▶ **Work item**
Would you copy the lines below exactly and omit the images?

▶ **Task data**
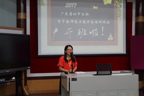 最后,学员代表顺德北滘君兰中学傅红霞老师发言。她首先衷心感谢岭南师范学院和生科院对此次培训的精心、贴心的服务和周到安排,她也对培训班的学习充满了期待,代表全体学员承诺带着责任认真学习,全面提升自己的能力。
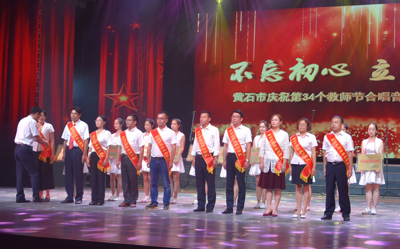 大会对荣获“尊师重教先进个人”“尊师重教先进集体”“黄石名师(名校长)”“名师工作室”“最美乡村教师”“最美教师”“最美教师团队”的个人和集体进行了颁奖,并播放了我市教育发展专题片《奋进之笔》,上演了《不忘初心》《共筑中国梦》等节目。
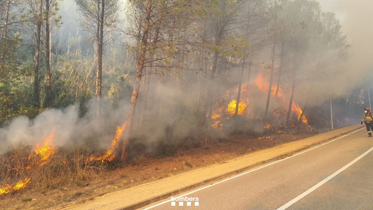 Sobre las 14.30, los Bombers de la Generalitat continúan en el lugar con 13 dotaciones y una unidad aérea para tratar de controlar y extinguir el incendio, informan en un apunte en 'X' recogido por Europa Press.
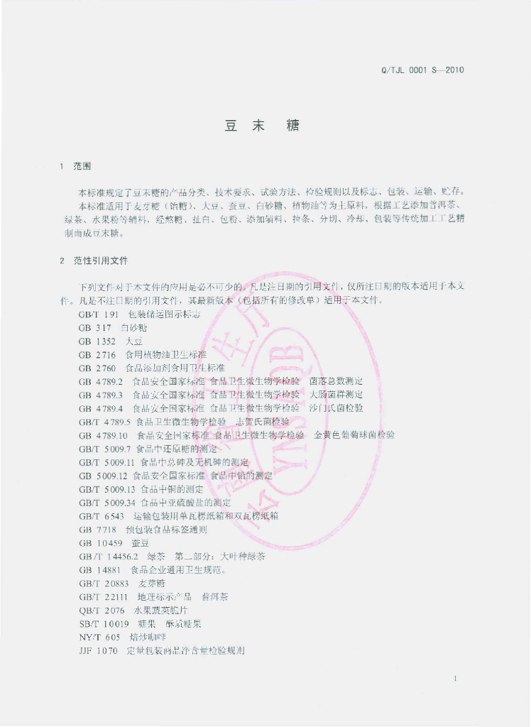Q/TJL 0001S-2010 豆末糖
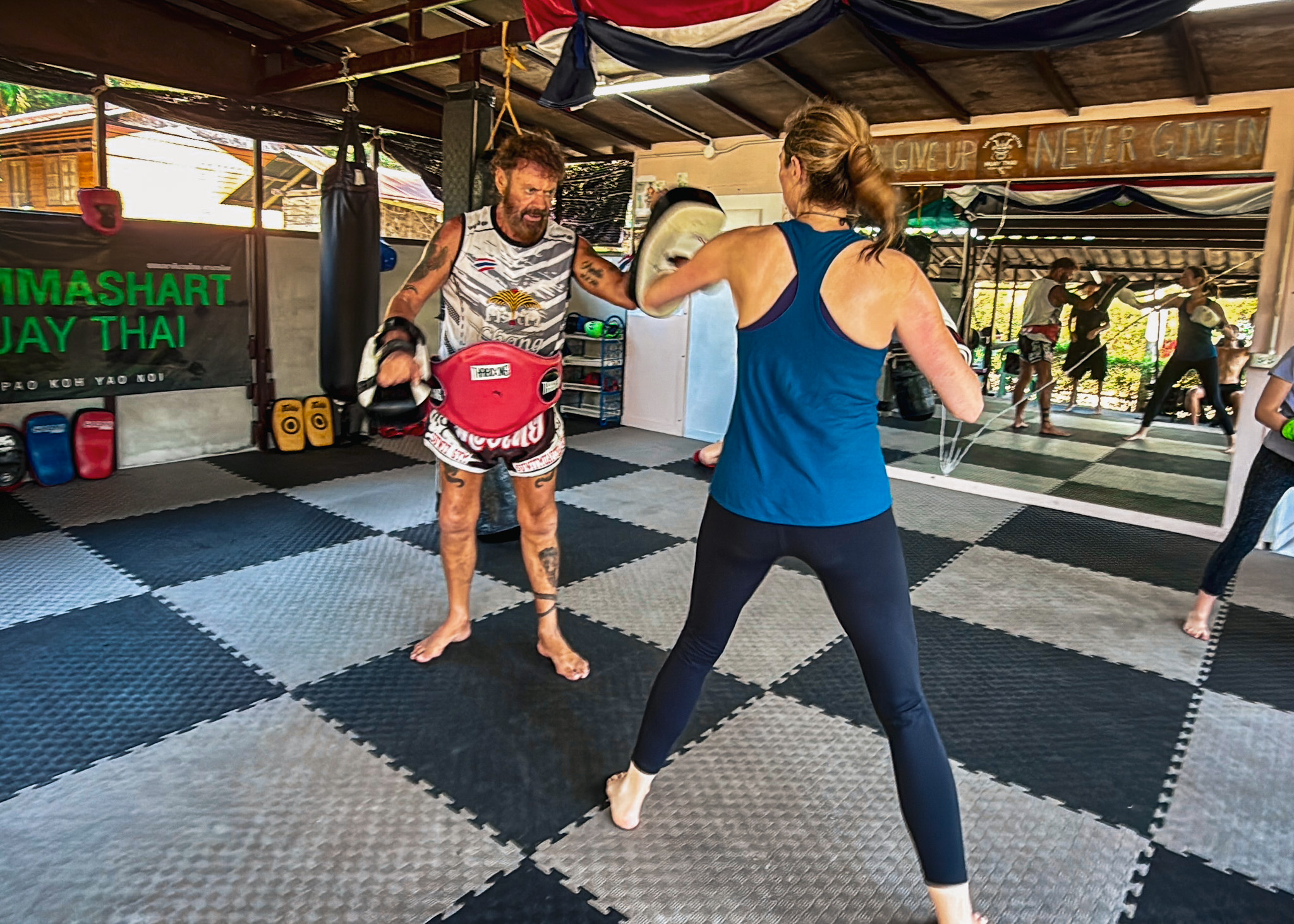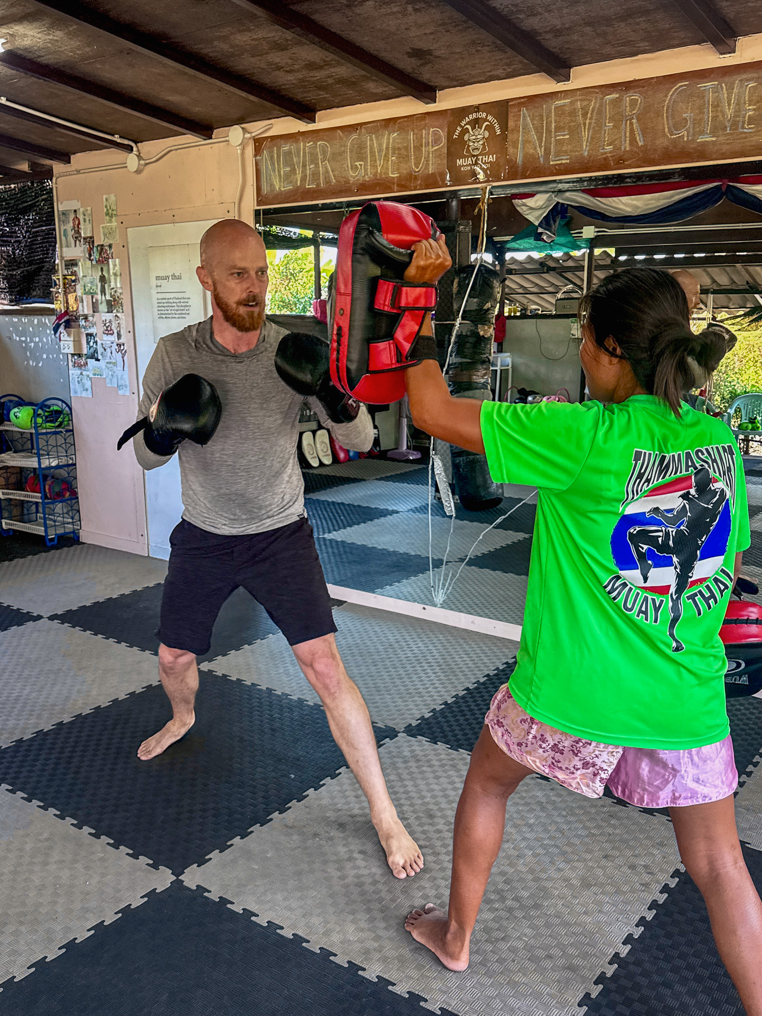 We woke early the next day with another full plan: scrapping kayaking entirely in favor of another Muay Thai session, homework, and afternoon at the beach. The workout was excellent—explosive exertion leaving us tired but somehow ready for more. Unfortunately, Shaina tweaked something in her upper back between her shoulder blades, either from enthusiasm or from her motorbike fall the day before. A massage would be needed sooner rather than later.

▶ **Exercise output**
 最后,学员代表顺德北滘君兰中学傅红霞老师发言。她首先衷心感谢岭南师范学院和生科院对此次培训的精心、贴心的服务和周到安排,她也对培训班的学习充满了期待,代表全体学员承诺带着责任认真学习,全面提升自己的能力。
 大会对荣获“尊师重教先进个人”“尊师重教先进集体”“黄石名师(名校长)”“名师工作室”“最美乡村教师”“最美教师”“最美教师团队”的个人和集体进行了颁奖,并播放了我市教育发展专题片《奋进之笔》,上演了《不忘初心》《共筑中国梦》等节目。
 Sobre las 14.30, los Bombers de la Generalitat continúan en el lugar con 13 dotaciones y una unidad aérea para tratar de controlar y extinguir el incendio, informan en un apunte en 'X' recogido por Europa Press.
Q/TJL 0001S-2010 豆末糖
 We woke early the next day with another full plan: scrapping kayaking entirely in favor of another Muay Thai session, homework, and afternoon at the beach. The workout was excellent—explosive exertion leaving us tired but somehow ready for more. Unfortunately, Shaina tweaked something in her upper back between her shoulder blades, either from enthusiasm or from her motorbike fall the day before. A massage would be needed sooner rather than later.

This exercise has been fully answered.